The engine to her BMW flared to life.

And then she was gone in a plume of smoke and all my disappointments in life just felt that much worse.

"Try not to judge her too harshly." Nya patted my shoulder. "Things aren't always as we believe them to be."

I looked up at their twenty—two—bedroom house and snorted. "Really? Because from this angle it looks exactly how it's always looked."

I swallowed the knot in my throat and handed her back the lemonade.

"Don't be a blind fool." Nya slapped me on the back of the head. I winced and rubbed the spot. While she scowled. "We are all human, we all feel pain, we all have emotions. Judge all you want, Marlon, but a shiny house doesn't mean we automatically have a happy heart."

Guilt gnawed uncomfortably at my chest. "She got my scholarship." Not just that, she got my dream. My escape. Self—worth. Identity.

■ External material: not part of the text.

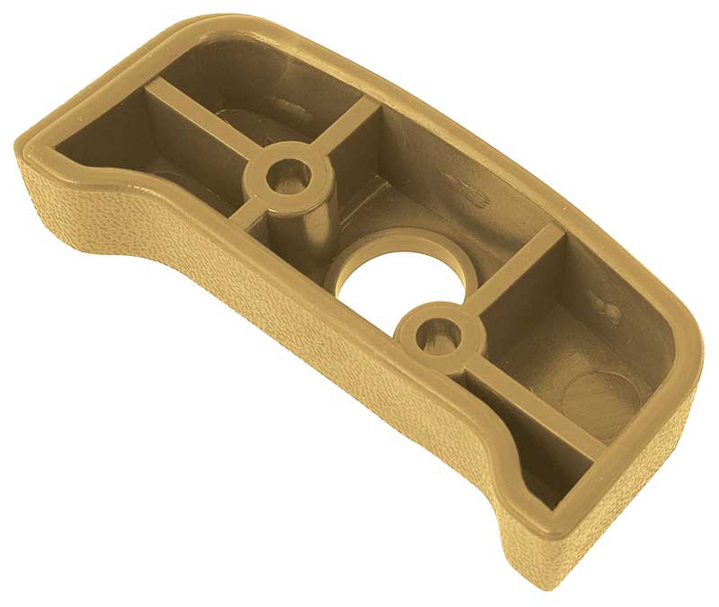 Reproduction of the original shoulder belt guide escutcheon designed to hold the shoulder belt retainer to the upper portion of the bucket seat back. Manufactured in injection molded ABS material to replicate the original design. Includes correct grain and mounting points. This item is commonly overlooked during the replacement of seat upholstery and seat/shoulder belt related items. LH drivers side. Available in Buckskin. Paintable to desired color.

Twenty—two fucking bedrooms.

"One day…" She chuckled under her breath. "One day you'll grow up, one day you'll see what I've seen ever since the first day we fostered you into our family, ever since you started working at this house."

"That life isn't fair?" I wondered out loud.

"The sparkle." She shrugged. "An old woman notices these things. The way she stares at you, the way you stare at her. One day you'll regret all this hate. One day she'll regret all hers."

"Is that also the day that zombies take over the planet? Cause I think I'm more prepared for that!"

"I will pray for the day to come!" She announced excitedly.

"The zombies?"

"No, you and Ray." She grinned. "I will pray hard."

"Please don't," I said through clenched teeth.

She started humming.

Great. Just great.

I started the lawnmower again. I would never be the princess's friend. I would never be anything more than a foster kid mowing her lawn and wishing for a better life.

Hoping for more was useless.

A kid like me knew that.

Abandoned at six.

Owned by the state for another month.

Hope and Disney were one in the same.

A fantasy.

An epic way to let yourself down.

Straight lines, Marlon.

Two lines.

Three lines.

Four lines.

Don't get grass on the cement, Marlon.

Ray and I? The princess and the pauper?

Unlikely.

I think we'd rather kill each other.